(Assignment) Take from the entries below the stretch from the line with "Click on desired # to visit the CGC web page" through the line with "with flat fronts", and return it exactly, leaving the pictures out.

(Input material)
[Start of section]

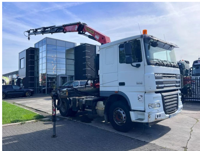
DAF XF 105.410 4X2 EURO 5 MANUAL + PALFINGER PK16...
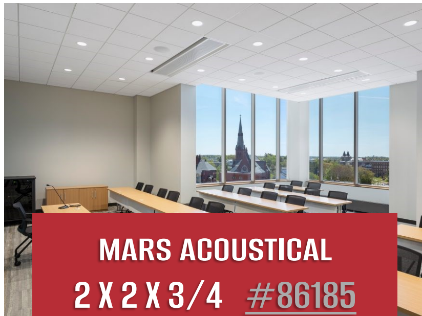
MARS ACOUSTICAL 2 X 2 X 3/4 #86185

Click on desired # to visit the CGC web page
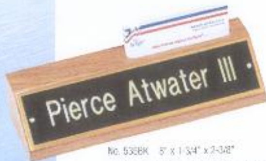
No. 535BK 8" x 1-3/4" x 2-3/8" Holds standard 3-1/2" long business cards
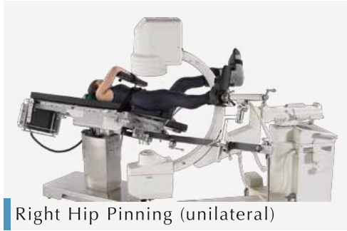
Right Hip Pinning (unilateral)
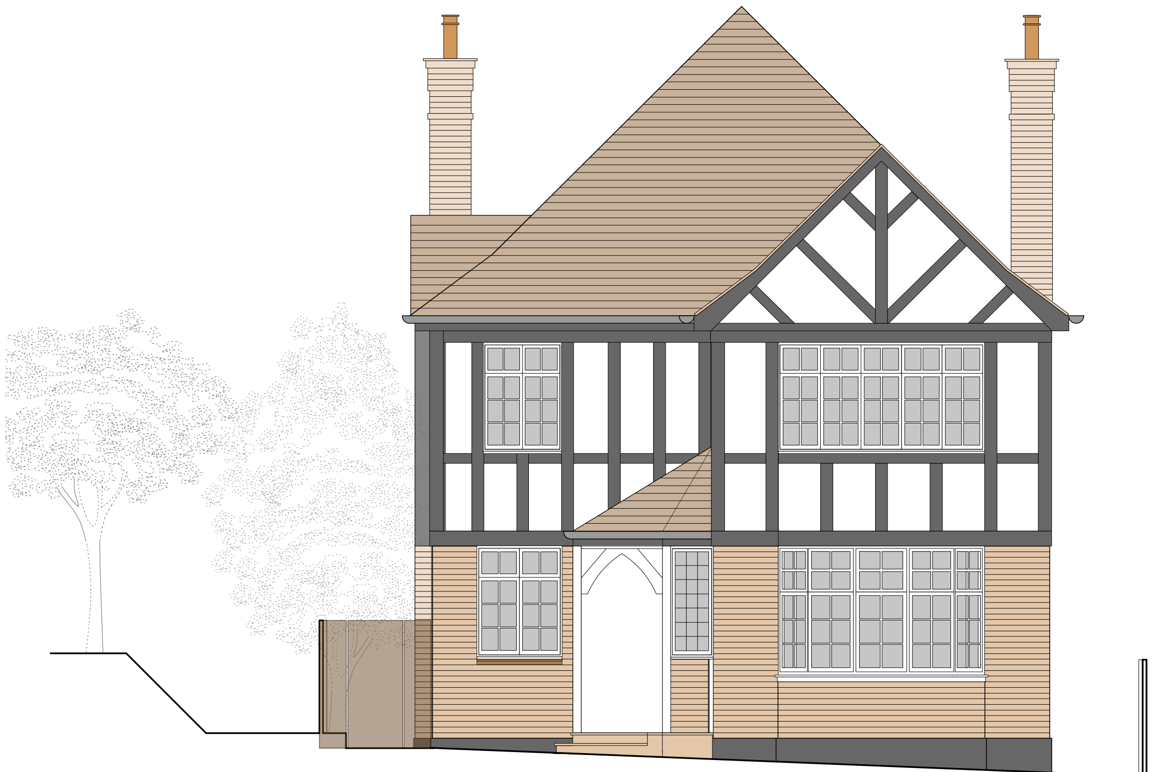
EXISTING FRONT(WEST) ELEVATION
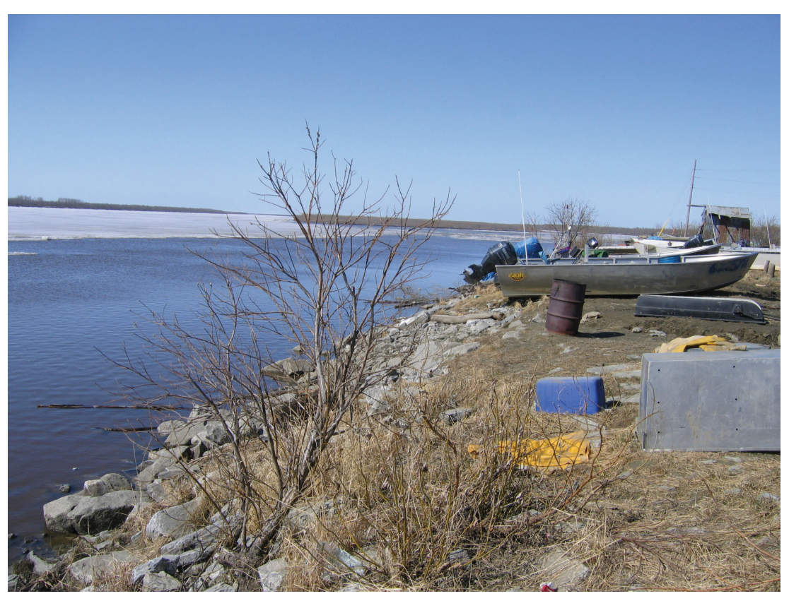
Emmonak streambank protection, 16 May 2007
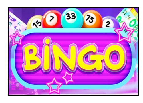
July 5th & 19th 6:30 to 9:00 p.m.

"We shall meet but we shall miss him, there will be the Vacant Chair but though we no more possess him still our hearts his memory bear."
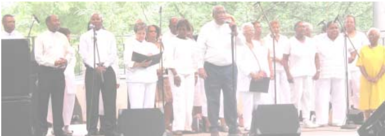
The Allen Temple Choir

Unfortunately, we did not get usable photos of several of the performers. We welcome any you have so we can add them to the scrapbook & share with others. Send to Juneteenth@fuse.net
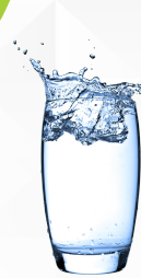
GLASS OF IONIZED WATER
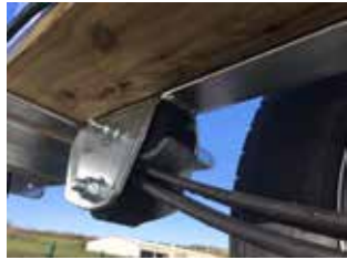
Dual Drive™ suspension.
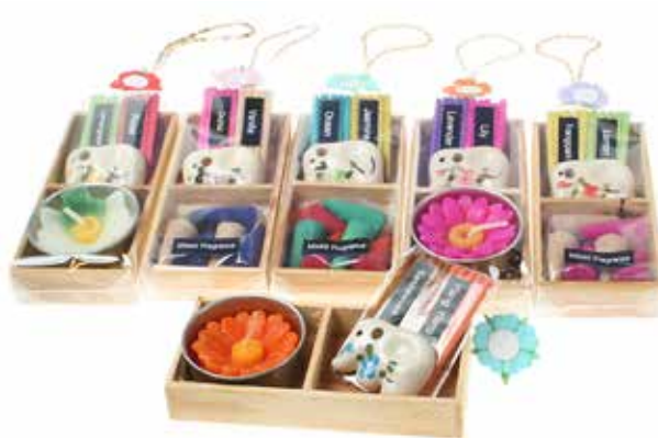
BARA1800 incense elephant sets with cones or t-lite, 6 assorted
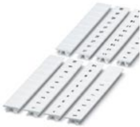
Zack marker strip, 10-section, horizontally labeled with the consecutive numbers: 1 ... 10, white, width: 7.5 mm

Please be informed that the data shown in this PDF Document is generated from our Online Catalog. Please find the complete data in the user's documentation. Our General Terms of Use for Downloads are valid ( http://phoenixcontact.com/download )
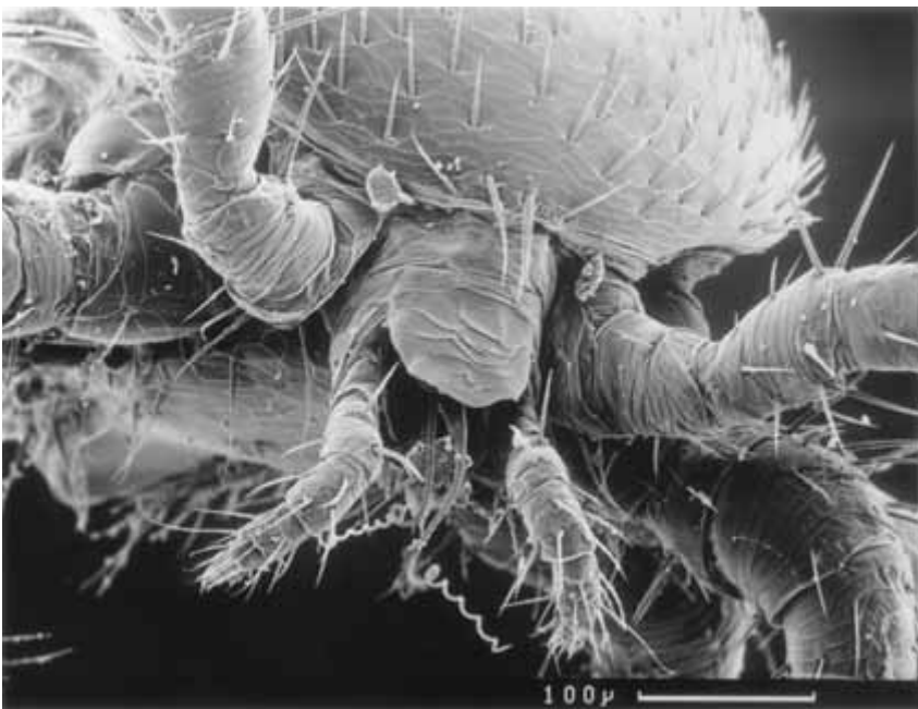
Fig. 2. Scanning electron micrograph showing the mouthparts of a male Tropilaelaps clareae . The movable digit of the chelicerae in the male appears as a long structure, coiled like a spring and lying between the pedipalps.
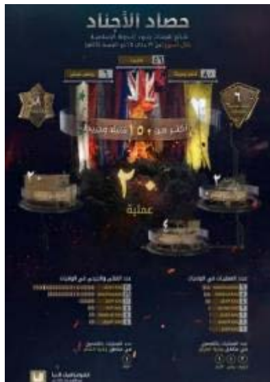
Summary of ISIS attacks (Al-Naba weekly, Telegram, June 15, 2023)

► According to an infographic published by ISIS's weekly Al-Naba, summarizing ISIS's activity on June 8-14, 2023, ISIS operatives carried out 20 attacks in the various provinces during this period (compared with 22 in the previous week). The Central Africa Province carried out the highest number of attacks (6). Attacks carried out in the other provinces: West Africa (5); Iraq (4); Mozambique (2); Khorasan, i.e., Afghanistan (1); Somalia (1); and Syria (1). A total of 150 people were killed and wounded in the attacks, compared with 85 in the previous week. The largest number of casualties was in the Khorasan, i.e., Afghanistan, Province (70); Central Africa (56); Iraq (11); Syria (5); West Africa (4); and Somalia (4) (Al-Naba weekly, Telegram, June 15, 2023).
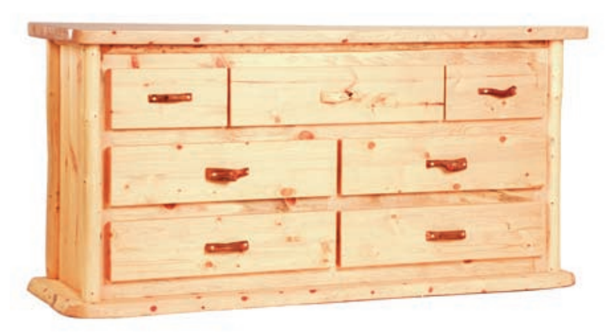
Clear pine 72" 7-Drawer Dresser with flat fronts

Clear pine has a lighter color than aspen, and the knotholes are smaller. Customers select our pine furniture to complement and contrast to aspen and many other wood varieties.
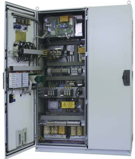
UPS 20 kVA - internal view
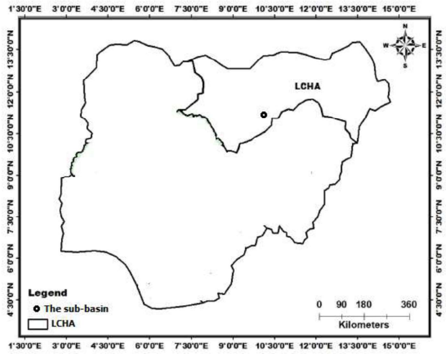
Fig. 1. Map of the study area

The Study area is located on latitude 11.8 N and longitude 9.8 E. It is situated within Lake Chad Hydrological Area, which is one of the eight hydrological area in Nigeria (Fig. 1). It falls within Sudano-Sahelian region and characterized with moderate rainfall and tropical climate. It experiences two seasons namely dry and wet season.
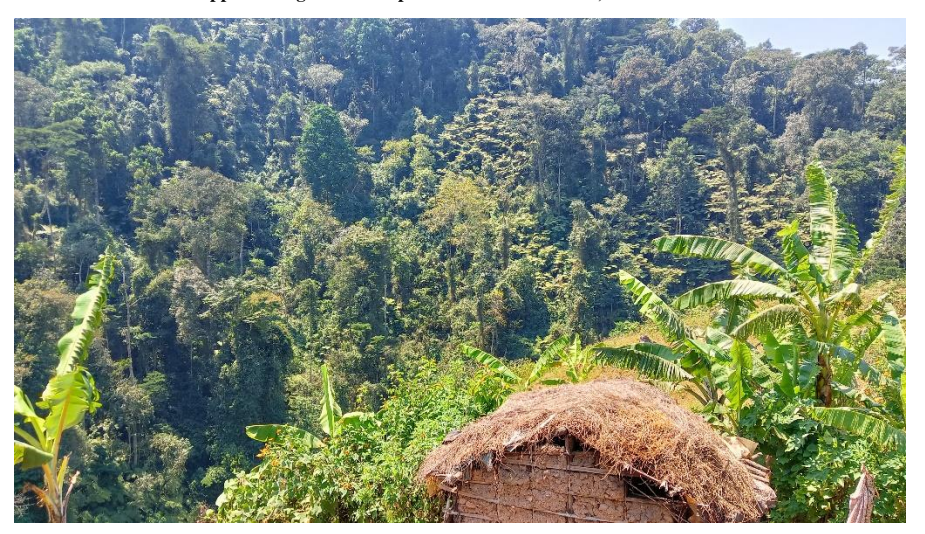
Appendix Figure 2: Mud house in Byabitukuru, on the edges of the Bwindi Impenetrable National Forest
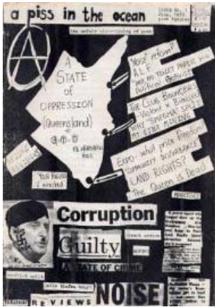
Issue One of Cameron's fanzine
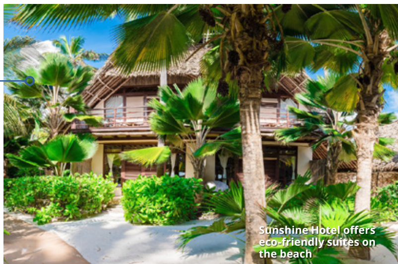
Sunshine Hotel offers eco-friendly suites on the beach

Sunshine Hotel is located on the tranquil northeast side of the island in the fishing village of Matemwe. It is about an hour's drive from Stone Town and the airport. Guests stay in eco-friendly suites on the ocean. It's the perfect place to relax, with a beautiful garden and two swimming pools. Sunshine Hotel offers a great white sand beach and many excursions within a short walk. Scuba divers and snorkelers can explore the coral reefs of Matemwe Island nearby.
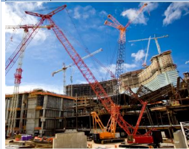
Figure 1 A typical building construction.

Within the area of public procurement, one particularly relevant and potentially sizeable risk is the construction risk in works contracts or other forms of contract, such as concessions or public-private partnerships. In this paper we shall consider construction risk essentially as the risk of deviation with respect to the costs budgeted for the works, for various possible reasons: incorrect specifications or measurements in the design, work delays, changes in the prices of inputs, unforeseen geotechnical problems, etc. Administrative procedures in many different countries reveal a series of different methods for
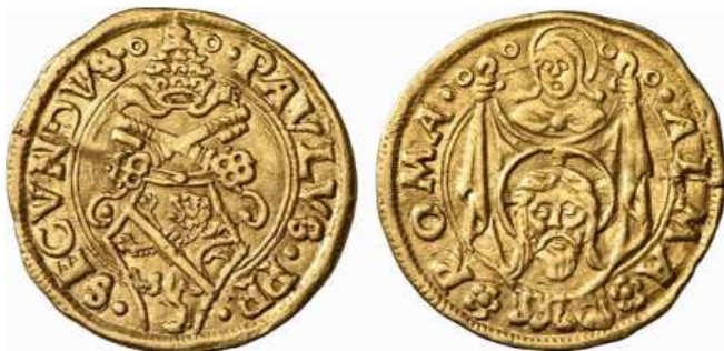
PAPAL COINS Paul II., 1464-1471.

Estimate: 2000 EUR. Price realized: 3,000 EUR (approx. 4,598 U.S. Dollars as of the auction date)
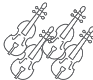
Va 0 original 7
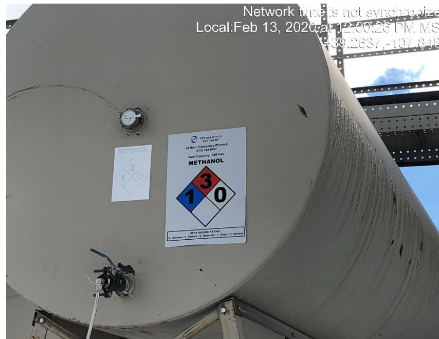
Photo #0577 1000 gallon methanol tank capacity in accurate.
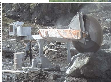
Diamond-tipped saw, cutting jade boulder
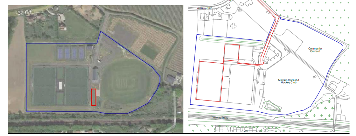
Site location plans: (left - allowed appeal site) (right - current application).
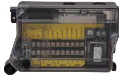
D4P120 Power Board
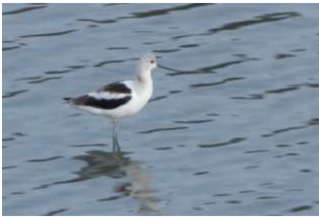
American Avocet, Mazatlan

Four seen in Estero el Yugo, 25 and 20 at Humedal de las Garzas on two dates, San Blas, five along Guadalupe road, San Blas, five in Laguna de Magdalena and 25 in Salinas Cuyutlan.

[End of section]

(Response to the exercise)
Click on desired # to visit the CGC web page
No. 535BK 8" x 1-3/4" x 2-3/8" Holds standard 3-1/2" long business cards
Right Hip Pinning (unilateral)
EXISTING FRONT(WEST) ELEVATION
Emmonak streambank protection, 16 May 2007
July 5th & 19th 6:30 to 9:00 p.m.

"We shall meet but we shall miss him, there will be the Vacant Chair but though we no more possess him still our hearts his memory bear."
The Allen Temple Choir

Unfortunately, we did not get usable photos of several of the performers. We welcome any you have so we can add them to the scrapbook & share with others. Send to Juneteenth@fuse.net
GLASS OF IONIZED WATER
Dual Drive™ suspension.
BARA1800 incense elephant sets with cones or t-lite, 6 assorted
Zack marker strip, 10-section, horizontally labeled with the consecutive numbers: 1 ... 10, white, width: 7.5 mm

Please be informed that the data shown in this PDF Document is generated from our Online Catalog. Please find the complete data in the user's documentation. Our General Terms of Use for Downloads are valid ( http://phoenixcontact.com/download )
Fig. 2. Scanning electron micrograph showing the mouthparts of a male Tropilaelaps clareae . The movable digit of the chelicerae in the male appears as a long structure, coiled like a spring and lying between the pedipalps.
Summary of ISIS attacks (Al-Naba weekly, Telegram, June 15, 2023)

► According to an infographic published by ISIS's weekly Al-Naba, summarizing ISIS's activity on June 8-14, 2023, ISIS operatives carried out 20 attacks in the various provinces during this period (compared with 22 in the previous week). The Central Africa Province carried out the highest number of attacks (6). Attacks carried out in the other provinces: West Africa (5); Iraq (4); Mozambique (2); Khorasan, i.e., Afghanistan (1); Somalia (1); and Syria (1). A total of 150 people were killed and wounded in the attacks, compared with 85 in the previous week. The largest number of casualties was in the Khorasan, i.e., Afghanistan, Province (70); Central Africa (56); Iraq (11); Syria (5); West Africa (4); and Somalia (4) (Al-Naba weekly, Telegram, June 15, 2023).
Clear pine 72" 7-Drawer Dresser with flat fronts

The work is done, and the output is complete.